The animation generation module 508 also includes an optional service integration module 616. This component is configured to enhance the system's flexibility by allowing the incorporation of third-party animation services to generate video sequences directly, with control over finer details of the animation. The service integration module allows users to produce animations quickly while using existing animation platforms with third-party capabilities.

In step 312, the narrative generation module 510 executes. The narrative generation module comprises: i) a dynamic prompting architecture configured to generate narrative text by leveraging professional screenwriting techniques and modular prompt structures, ensuring narrative cohesion and character trait preservation, and ii) a cultural sensitivity matrix and age-appropriate content filter configured to tailor the narrative content to specific developmental stages and cultural norms. The narrative generation module is configured for creating the textual content of the interactive story that is culturally sensitive and age-appropriate.

The narrative generation module includes a dynamic prompting architecture configured to generate narrative text by using screenwriting techniques, which are embedded within the system. This feature adapts to different storytelling needs, using modular prompt structures to create a variety of storylines while maintaining narrative cohesion. The prompt structures are carefully designed to ensure that the resulting text adheres to storytelling principles, such as character development, plot progression, and thematic consistency. The dynamic prompting architecture also preserves character traits throughout the narrative. The system uses the prompts to maintain the consistency of character behavior, dialogue, and development within the story.

The narrative generation module includes a cultural sensitivity matrix and age-appropriate content filter configured to tailor the narrative content to be appropriate for the target audience's age and cultural context. The cultural sensitivity matrix is an algorithmic tool that evaluates the generated narrative text to ensure that it aligns with the cultural norms and values of the intended audience. This prevents the inclusion of content that could be culturally insensitive or inappropriate. The age-appropriate content filter further refines the narrative by adjusting the complexity of the language, themes, and subject matter to match the audience. For example, if the story is intended for young children, the filter would ensure that the language is simple, the themes are light and educational, and the content is free from mature or potentially distressing material. On the other hand, for an older audience, the filter could allow for more complex language, deeper themes, and a broader range of topics.

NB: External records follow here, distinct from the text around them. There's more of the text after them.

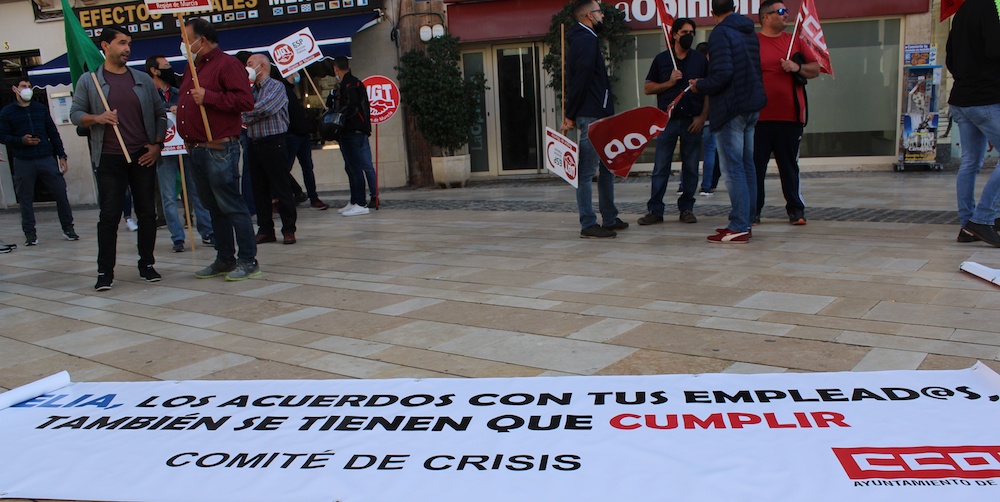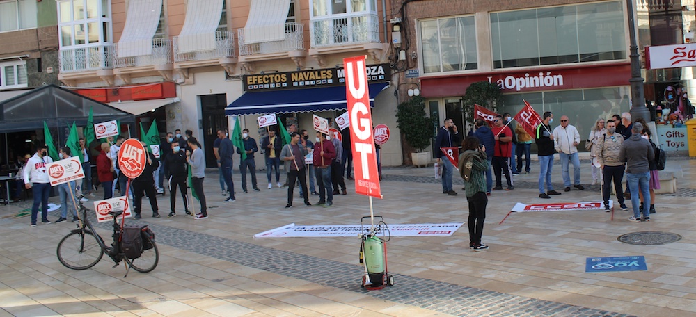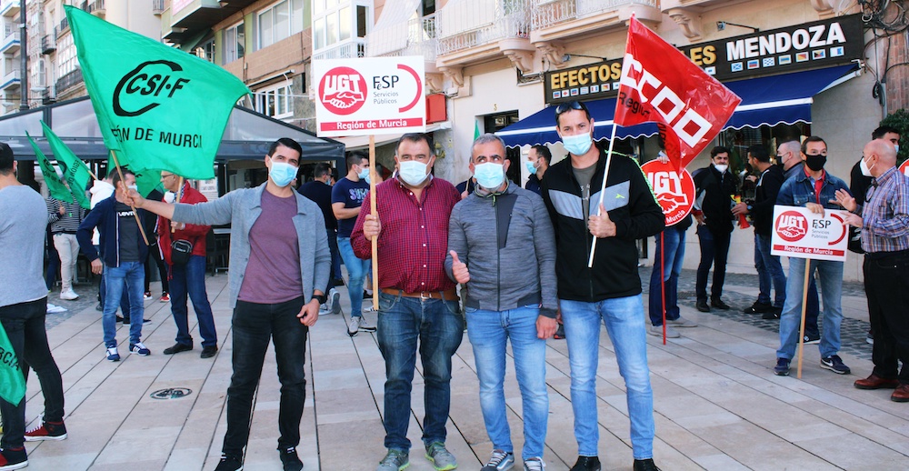 Funcionarios municipales, en convocatoria de los sindicatos UGT, CSI-F y CCOO, ha protagonizado una sonora concentración frente al Palacio Consistorial esta mañana mientras que en el interior del edificio se celebraba la sesión mensual de la corporación.
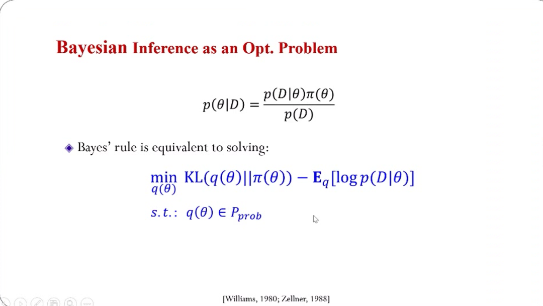 这种基于优化的解释,实际上在上世纪80年代就有统计学家提出过,E.T. Jaynes是比较有名的统计学家,对我们前面讲的优化解释做了一些comments,它给经典的贝叶斯提供了一个新颖的解释,可以让贝叶斯方法更广泛被应用,而且激发了新的发展。
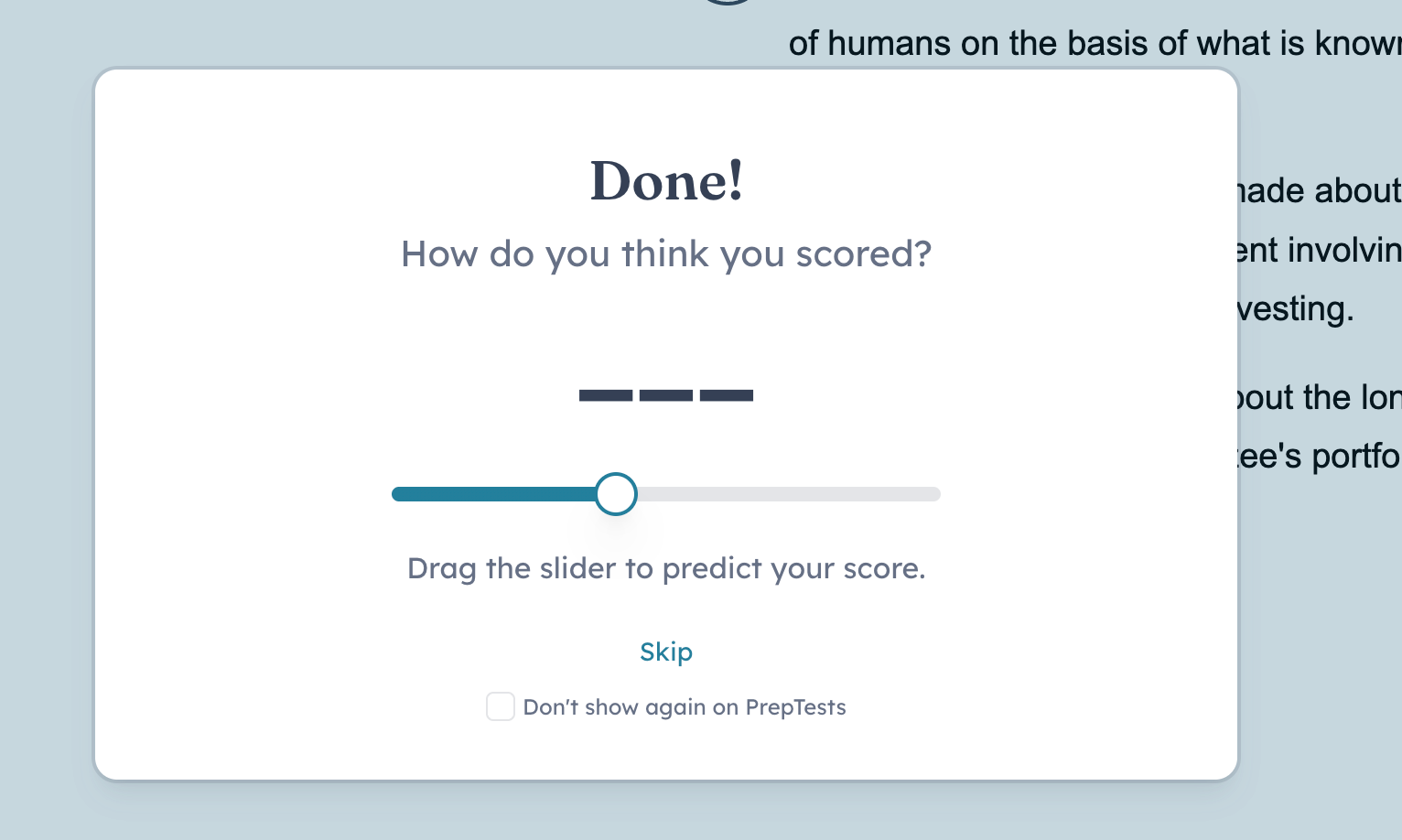 When you finish a drill, solo section, or Preptest, we ask you to predict your score.
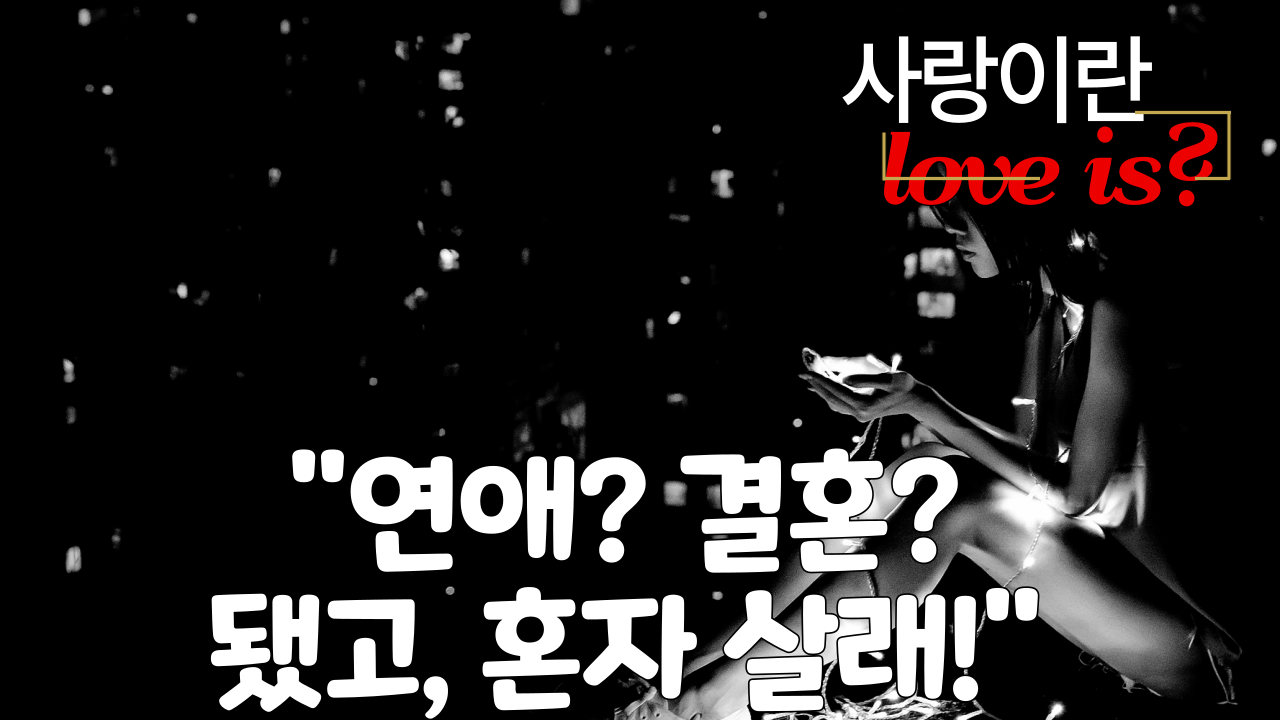 "결혼은 미친 짓이다!" vs "나 혼자 산다" 당신은 어느 쪽에 더 공감하시나요? 결혼과 출산율은 역대 최저, 1인 가구는 폭발적으로 증가하는 요즘, 솔로 이코노미 시대가 도래했습니다. 이제 결혼과 연애는 필수가 아닌 선택이 되었죠. 혼자여도 괜찮습니다. 당신은 혼자가 아닙니다.

In one embodiment, the output of the narrative generation module above may be used by the model generation module to create story specific images that adhere to the narrative that was generated. In this embodiment, step 312 of the control flow 300 is executed before step 306.

In step 314, the output module 512 executes. The output module is configured to combine the generated images, video sequences, and narrative text into a cohesive, interactive story and present the content that was generated (referred to as data 204; see FIG. 2) to a user. The output module merges the visual and textual components created by the other modules in the system. The generated images are aligned with the narrative text produced by the narrative generation module, ensuring that the characters, scenes, and actions correspond accurately with the storyline. For example, if the narrative describes a character entering a particular setting, the output module ensures that the corresponding images or video sequences are displayed in synchronization with the text.

In addition to combining static images and text, the output module also incorporates video sequences generated by the animation generation module. The video sequences are integrated with the narrative flow, serving as dynamic transitions between scenes or as visual representations of pieces of the story. The output module manages the timing and presentation of videos, ensuring that they comply with the narrative. Moreover, the output module assembles the various content elements into a user-friendly interface where the narrative text, images, and videos are displayed in a cohesive and organized manner. The module ensures that users can easily navigate through the story, with smooth transitions between different sections and interactive elements that allow for user input or choices that influence the direction of the story.

In additional embodiments, the disclosed system for automated interactive story generation can be further adapted to create personalized advertising images that embed specific individuals in generated content. This process leverages the core models of the control flow 300, with modifications and enhancements aimed at embedding a targeted person's image into an advertisement that prominently features a product. This alternative control flow provides a solution for producing highly customized advertising materials by integrating individualized user data and offering stylistic variations. The embedding process begins with a web scraping module that is designed to retrieve images of the targeted person. This module can be used to scan publicly available web content in order to collect images of the individual. The web scraping model operates by searching the internet for publicly accessible photographs or social media content of the targeted person, retrieving usable image data. This data is then fed into the subsequent modules of the system for further processing and customization.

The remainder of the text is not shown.